* [WHAT IS EXPECTED]:
What you write must match, character for character, the lines from the one with "في البحرين، تُقدم" down to the one with "Ancient Viking Raven" in the listing below, minus its pictures.

* [EXERCISE INPUTS]:
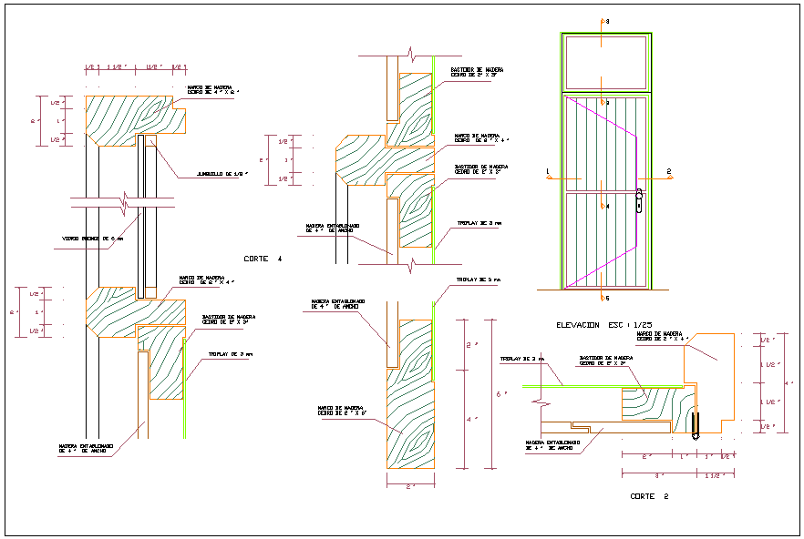 Design view of door with sectional wood detail dwg file with view of door with handle
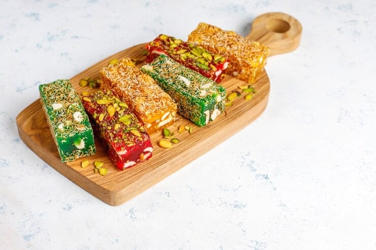 في البحرين، تُقدم الحلوى الملكية في المناسبات السعيدة والأعياد كرمز للضيافة 🎉. كما أن أفضل حلوى بحرينية تُعد يدويًا بعناية، مما يجعلها هدية تحمل الطابع الثقافي الفريد للبلاد 🇧🇭.
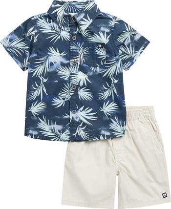 Baby can be resort-ready every day of the week in this casual set pairing a tropical button-up shirt with coordinating woven shorts cut from breezy cotton.
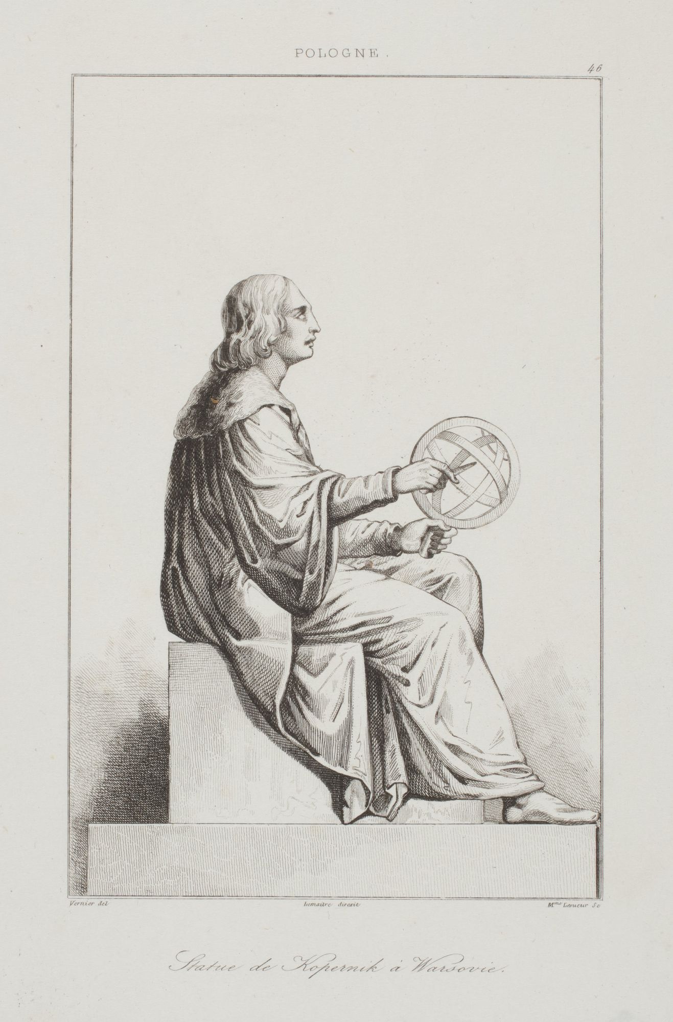 Widok warszawskiego monumentu Mikołaja Kopernika widziany z prawej strony. Astronom ujęty w pozie siedzącej z cyrklem w prawej dłoni i sferą armilarną w lewej dłoni. Rysunek nie obejmuje cokołu. W tle delikatne tło w postaci zakreskowanego pola.
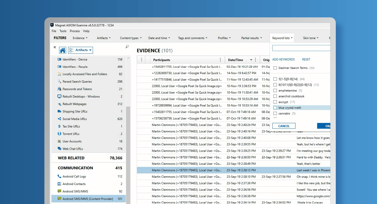 Learn how to use AXIOM Examine to explore recovered artifacts, including searching, filtering, tagging, and creating profiles.
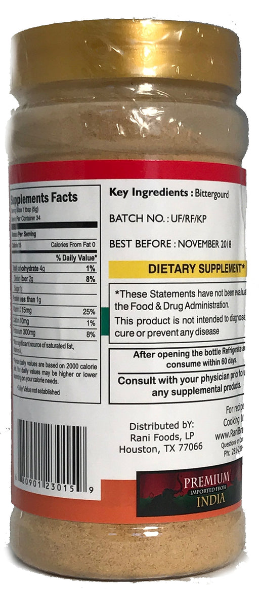 Rani Karela (Bitter Gourd / Charantish) Powder 6oz (172g) All Natural, Salt-Free | No Colors | Gluten Friendly | NON-GMO | Indian Origin
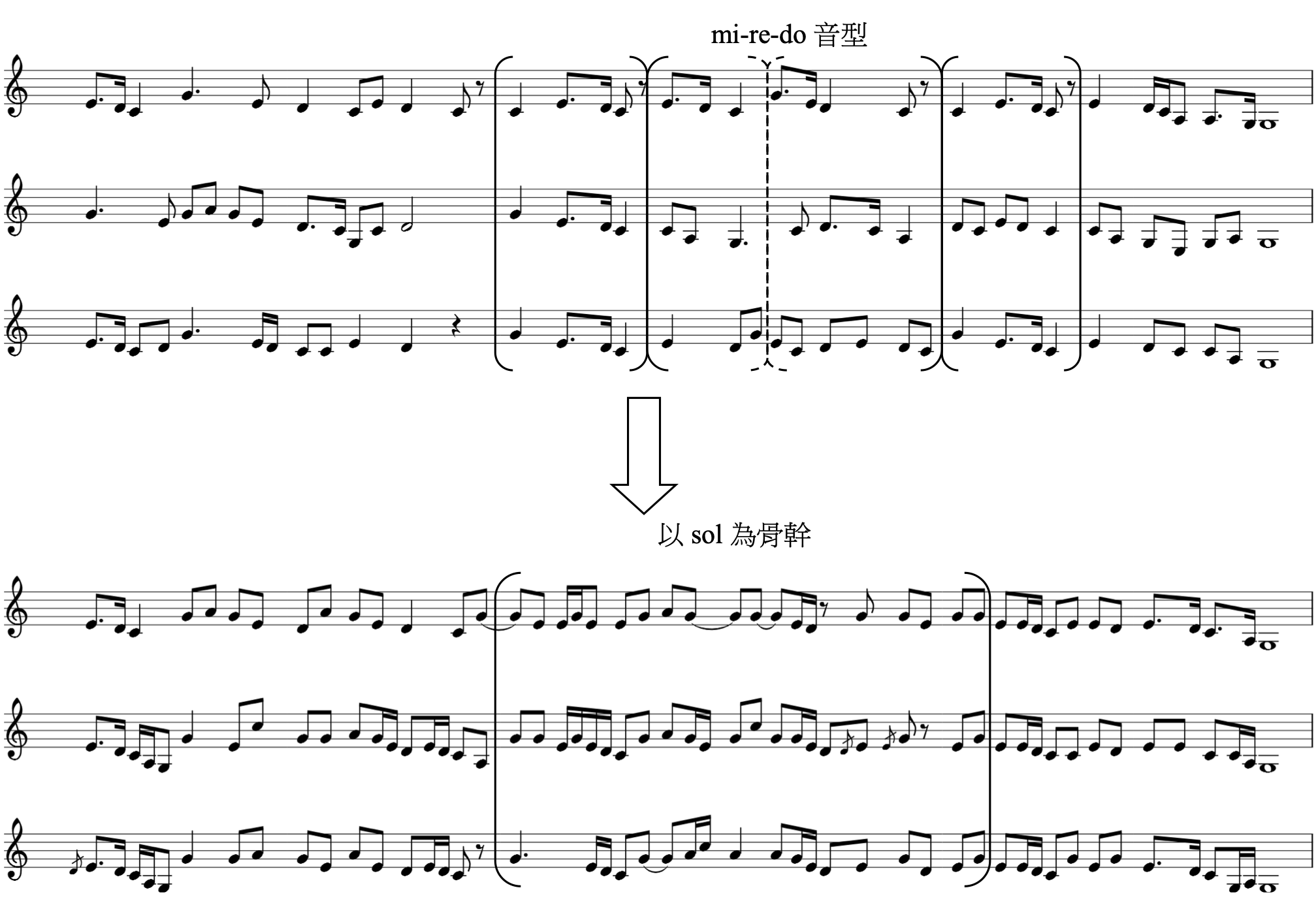就以〈第二首長歌〉的第二樂句為例,在樂句的中段部分,早期錄音顯示老一輩歌手常反覆使用 mi-re-do 的音型;但是到了晚近的錄音包括現在馬蘭人的演唱,這個段落變成以 sol 音為主幹,並在其附近圍繞(譜例 19)。
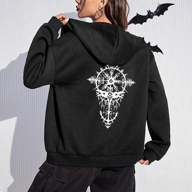 Ancient Viking Raven Print Hoodie Autumn Women's Hooded Sweatshirt Classic Dark Gothic Style Zip-up Coat Urban Jacket
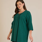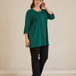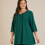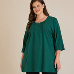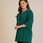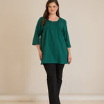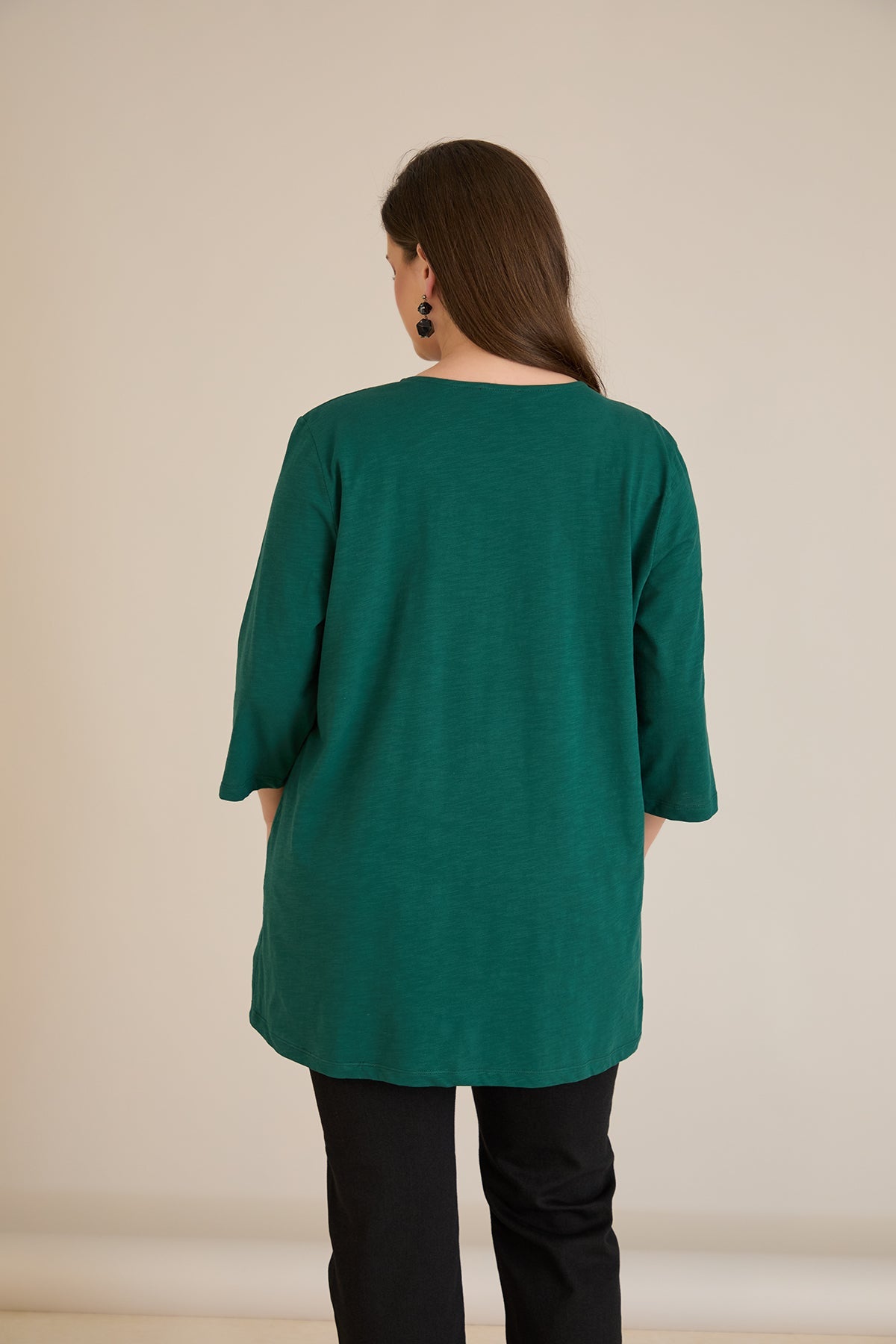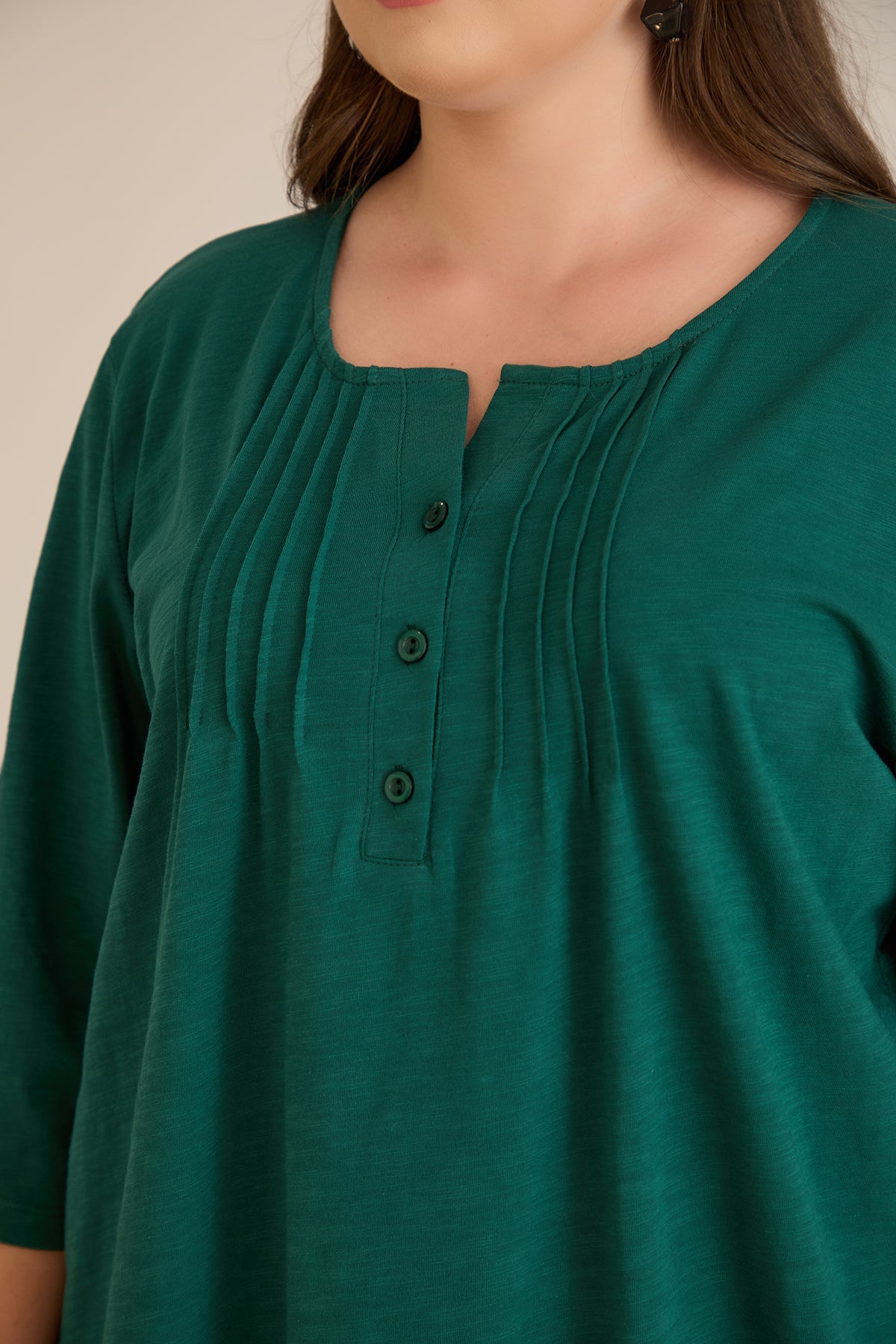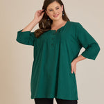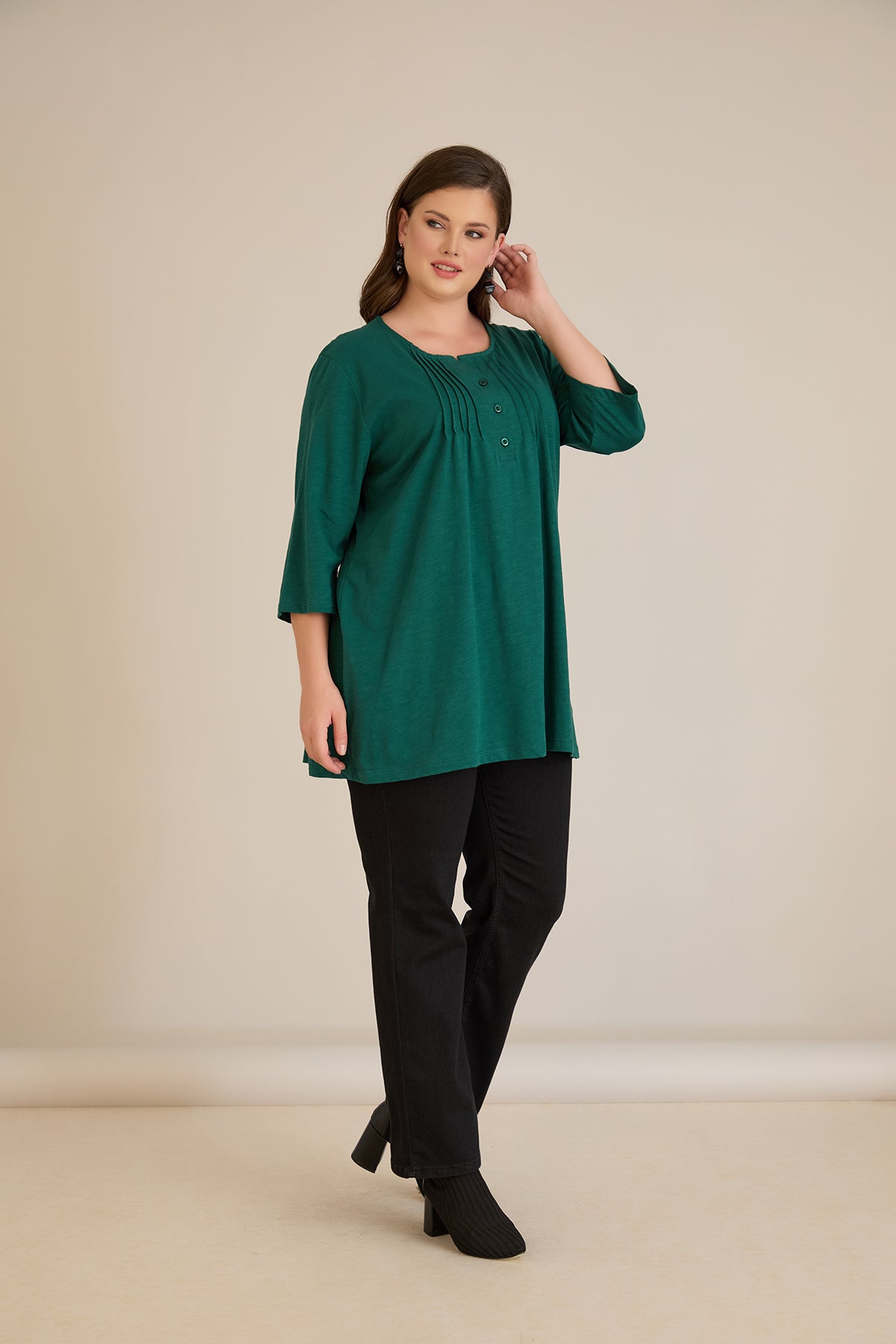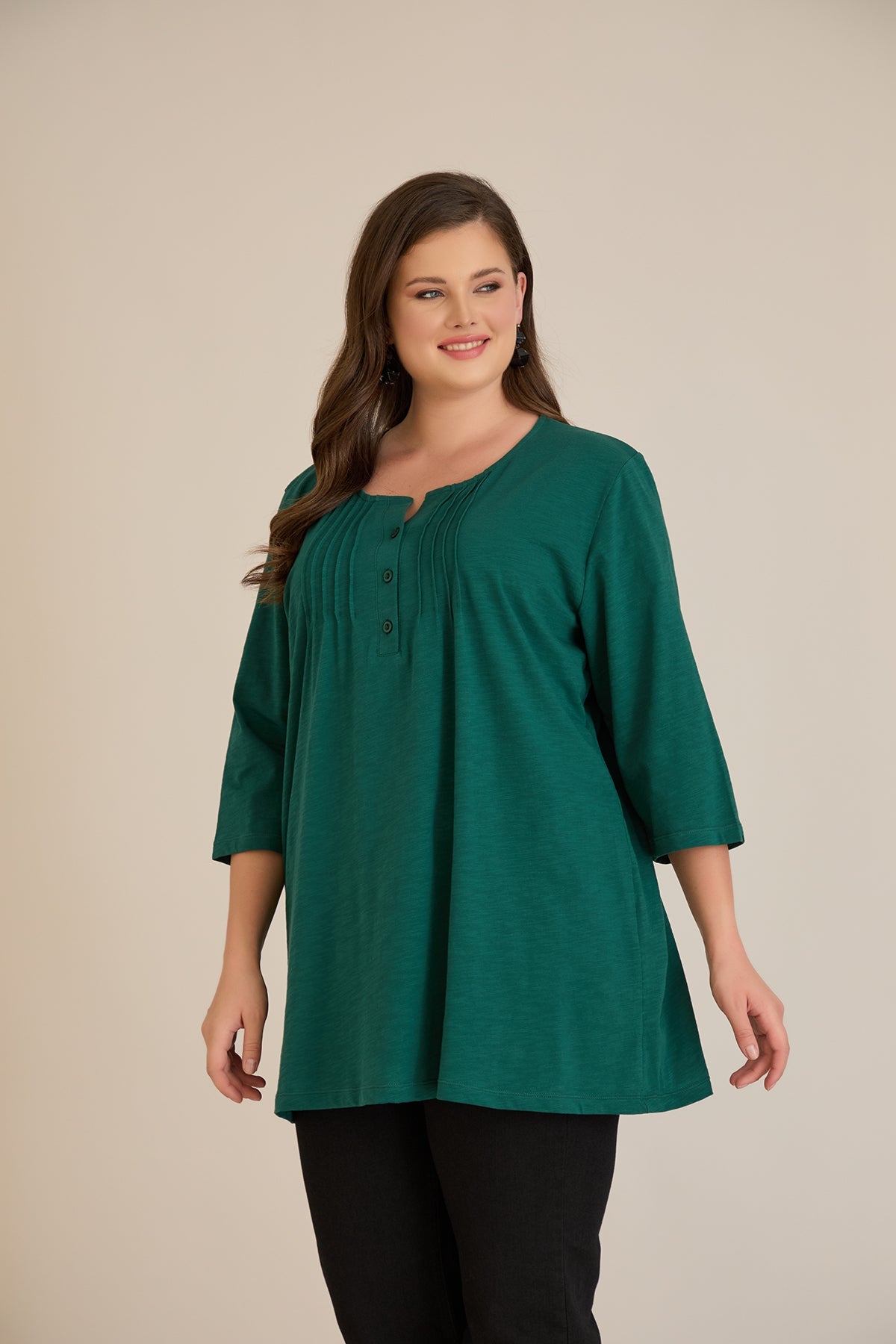 Βαμβακερή τουνίκ με πιέτες και μανίκια 7/8 – Λαδί

* [THE ANSWER]:
 في البحرين، تُقدم الحلوى الملكية في المناسبات السعيدة والأعياد كرمز للضيافة 🎉. كما أن أفضل حلوى بحرينية تُعد يدويًا بعناية، مما يجعلها هدية تحمل الطابع الثقافي الفريد للبلاد 🇧🇭.
 Baby can be resort-ready every day of the week in this casual set pairing a tropical button-up shirt with coordinating woven shorts cut from breezy cotton.
 Widok warszawskiego monumentu Mikołaja Kopernika widziany z prawej strony. Astronom ujęty w pozie siedzącej z cyrklem w prawej dłoni i sferą armilarną w lewej dłoni. Rysunek nie obejmuje cokołu. W tle delikatne tło w postaci zakreskowanego pola.
 Learn how to use AXIOM Examine to explore recovered artifacts, including searching, filtering, tagging, and creating profiles.
 Rani Karela (Bitter Gourd / Charantish) Powder 6oz (172g) All Natural, Salt-Free | No Colors | Gluten Friendly | NON-GMO | Indian Origin
就以〈第二首長歌〉的第二樂句為例,在樂句的中段部分,早期錄音顯示老一輩歌手常反覆使用 mi-re-do 的音型;但是到了晚近的錄音包括現在馬蘭人的演唱,這個段落變成以 sol 音為主幹,並在其附近圍繞(譜例 19)。
 Ancient Viking Raven Print Hoodie Autumn Women's Hooded Sweatshirt Classic Dark Gothic Style Zip-up Coat Urban Jacket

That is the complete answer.